Vallée’s book is remarkable, first, because of its then-novel approach to the question of the UFO, one with analogues, here. Where, in his first three books (the first two co-authored with his wife, Janine)—Anatomy of a Phenomenon (1965), Challenge to Science (1966), and Passport to Magonia (1969)—his focus was the Unidentified Flying Object, in The Invisible College he examines “the role of this phenomenon and its impact on each of us.” That is, to speak philosophically, he shifts attention from the object to the subject. Vallée clarifies this switch involves setting aside both the strictly scientific, “nuts-and-bolts” approach (which he terms the “technological”) usually associated with the Extraterrestrial Hypothesis (that UFOs are alien spaceships) as well as the “psychological”, that “UFO reports [are] archetypes or…the fulfillment of a psychological need”; and, by the same token, he also rejects the sceptical explanation, that UFOs are nothing more than “the result of misidentifications and hoaxes”.

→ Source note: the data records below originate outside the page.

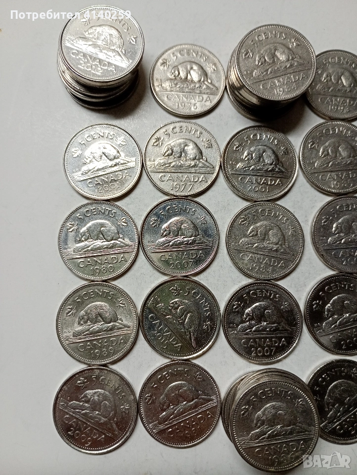 КАНАДА МОНЕТИ 5 ЦЕНТА 106 БРОЯ НЕЧИСТЕНИ РАЗЛИЧНИ ГОДИНИ ИМА ПОВТАРЯЩИ ЦЕНА ЗА 106 БРОЯ СЪСТОЯНИЕ ОТЛИЧНО ПОЛУЧАВАТЕ СНИМАНИТЕ МОНЕТИ РАЗГЛЕДАЙТЕ ДРУГИТЕ МИ ОБЯВИ ДА КОМБИНИРАТЕ ДОСТАВКА ЕКОНТ ЗА ВАРНА ЛИЧНО
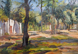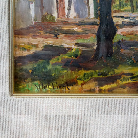 Scorcio di parco, XIX secolo, olio su tavoletta, cm 15x21, firmato, (difetti)
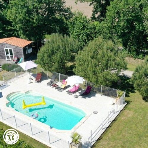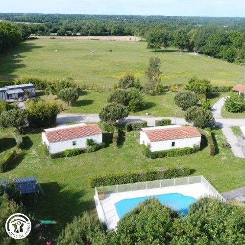 L'hébergement se compose d'un séjour/salon/cuisine, de deux chambres (1 lit 140) (2lits 80 jumelables) avec chacune une salle d'eau/WC privatifs. Wifi. A l'extérieur, terrasse privative et terrain privatif de 250m². En commun sur le domaine de 5 ha : piscine chauffée ouverte du 1er juin au 31 octobre 2023, barbecues à disposition, jeux enfants, table de ping-pong, terrain de pétanque, vélos, laverie (lave-linge, sèche-linge) payante à jetons. Pré clôturé avec chevaux et ânes.

Rather bracingly (and I had forgotten this) he claims to “approach this inquiry within the framework of descriptive phenomenology,” which his model, social scientist Cynthia Nelson, defines as the attempt “to communicate the quality and structure…of any concrete phenomenon in experience.” Vallée quite correctly in our view observes that Nelson asks “the question of the meaning” of religious phenomena “in a way that is directly applicable” to UFOs, quoting her important point concerning the consequences of this approach for the question of the reality of the phenomenon: “As phenomenologists we suspend judgement as to whether the apparition is really real (a question for scientific naturalism) and attempt rather to understand what people do when confronting stress. If [human beings] define situations as real they are real in their consequences.” In this spirit, Vallée lays out a threefold task for himself: to “review what is experienced by the witnesses; …observe what they do as a result of these experiences; and …attempt to correlate them within a total framework.”
Vallée’s distinctions here are much finer than one usually finds made among the ufophilic or ufomaniacal. Those convinced of UFO reality will dismiss Vallée’s whole enterprise, here, while the sceptical, I imagine, would all-too-quickly point out that the psychological explanations for the UFO are already oriented to the subject (i.e., the witness). But such criticisms miss the mark, for, at least in his espousing “descriptive phenomenology”, Vallée sidesteps the debate between the believer and sceptic, taking neither side for the sake of attending the effects of a UFO experience on the witness in particular and society at large in general. As Nelson observes, if a phenomenon is experienced as real it is real in its consequences, which Vallée affirms: “In this sense the UFO phenomenon is undoubtedly real.”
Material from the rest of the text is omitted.